Two software pioneers put these aspects in a nutshell: As early as 1970, Dr. Winston W. Royce stated that for a development order for a hardware development of around 5 million dollars, a sufficiently good description of the requirements is available with around 30 pages of specifications and a satisfactory project result can therefore be expected. To comprehensively specify a software development project with the same budget, 1500 pages of requirements description would be necessary - for a comparably good project result. In other words, the sheer volume of information to be described is a huge task. Fred Brooks summarized it in his 1995 book "The Mythical Man-Month": "The hardest part of developing a software system is deciding exactly what to build." In addition, in many development projects there is the dynamic that only in the course of the project is enough information available to really decide what really creates value and should therefore be built and what should not. This relationship is also shown in Figure 1 as an orange line (imagination) and a green line (reality).
Requirements often text-based
The good news is, as already explained in part 4 of this series with the creation of agile work descriptions: requirements are very often described in natural language, which is why the use of generative AI tools/LLMs (ChatGPT, Microsoft Copilot, Google Gemine) is almost inevitable. This is because LLMs can handle particularly complex text-based tasks efficiently and offer useful advantages for requirements management by analyzing and generating natural language. Specific text tasks can be, for example Obtaining and summarizing requirements information - describing market and customer descriptions, personas, functional and non-functional requirements, describing technical constraints, describing legal regulations, and generally checking and updating requirements descriptions for consistency. By using LLMs, it is even possible to conduct virtual interviews. And although the results that can be achieved are amazingly useful, it is always important to bear in mind when dealing with AI-generated texts: the results are "only" to be classified as formulation suggestions.
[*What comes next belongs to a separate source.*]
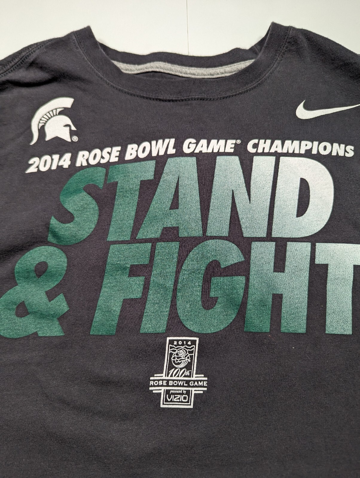 This long sleeve shirt is in excellent condition. It has been cleaned and is ready to wear. This shirt does not have any stains or holes. The measurements are included in the pictures. Show off your love for Michigan State Spartans with this Nike Men's size XXL gray long sleeve T-shirt. Celebrate the Rose Bowl Champions while wearing this comfortable shirt with a round neck and regular fit. The solid pattern shirt features a sports logo graphic print and is made in Honduras. Represent the Spartans in style with this pre-owned shirt that is in excellent condition. The vintage shirt is perfect for any Michigan State fan, and the size type is regular. This T-shirt is an excellent addition to any wardrobe, and it's great for any casual occasion.
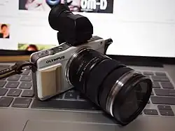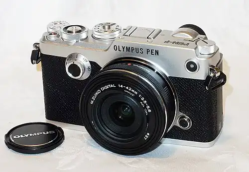 Main PEN range: The Olympus PEN E-P1 was the first digital PEN and the second camera in the Micro Four Thirds system. It revolutionized the camera market, because it was the first mirrorless camera which really took advantage of its kind. It included a 12 MP Four Thirds size sensor, which had the same image quality as a Four Thirds DSLR camera, but was packed in a much smaller body. It also included a 3-axis sensor-shift image stabilization system. It carries on in the PEN tradition[7] with its external design clearly inspired by the traditional PEN series. The next model in this category was the E-P2, released in April 2010, which did not include a whole lot of new features. One of them was the multi-functional accessory port under the hot shoe for an optional external electronic viewfinder or an external microphone. The next model to follow was the E-P3, released in 2011. It packed quite a few new features like 1080p video recording, a built-in flash, or a touch screen. Olympus claimed the E-P3 to have the world's fastest autofocus system.[8] The next model in this range was the E-P5 from 2013. It got some of its new features from the more professional OM-D E-M5, like the new 16 MP sensor and along with it, the 5-axis sensor stabilization system, and a tilting LCD screen. It had the max. shutter speed of 1/8000s, which was a whole new feature in Olympus Micro Four Thirds cameras. After 8 years, the main E-P series got updated in 2021, now under OM Digital Solutions' leadership. They skipped the number 6, and named the camera E-P7. The E-P7 shares a lot of its internals with the OM-D E-M10 Mark IV, but the design resembles the PEN-F. It lacks an electronic viewfinder, like the previous E-P models. It cannot be used with an external viewfinder though, unlike its predecessors.

Whether it is correct or not is the sole responsibility and responsibility of the prompt creator.
Describe generative requirements
When working with LLMs and creating good prompts, the following simple principle applies: the better the compilation of the input information and the more precise the request, the more useful the generated formulation result that we can expect. As already described for the generation of epics and user stories, "divide and conquer" also applies to the successful use of LLMs for requirements creation. This means breaking down the requirements into coherent content blocks that can also be clearly assigned in terms of their abstraction levels. In prompt engineering terms, the "Chain of Thoughts" technique is the leading prompt tactic. At talsen team, we use the levels of decomposition as described in behavior-driven software development (BDD) in our day-to-day business(Figure 2). It should be noted that the descriptions of the work description merge seamlessly with the descriptions of the specification. This reflects the fact that useful and valuable insights are often gained during the "making" process, from which concrete specifications can be derived. If there is a break in the system or the description logic, this is not only more difficult for product management. It also reduces the potential success of generative AI methods, as the input information for a good prompt is likely to be incomplete.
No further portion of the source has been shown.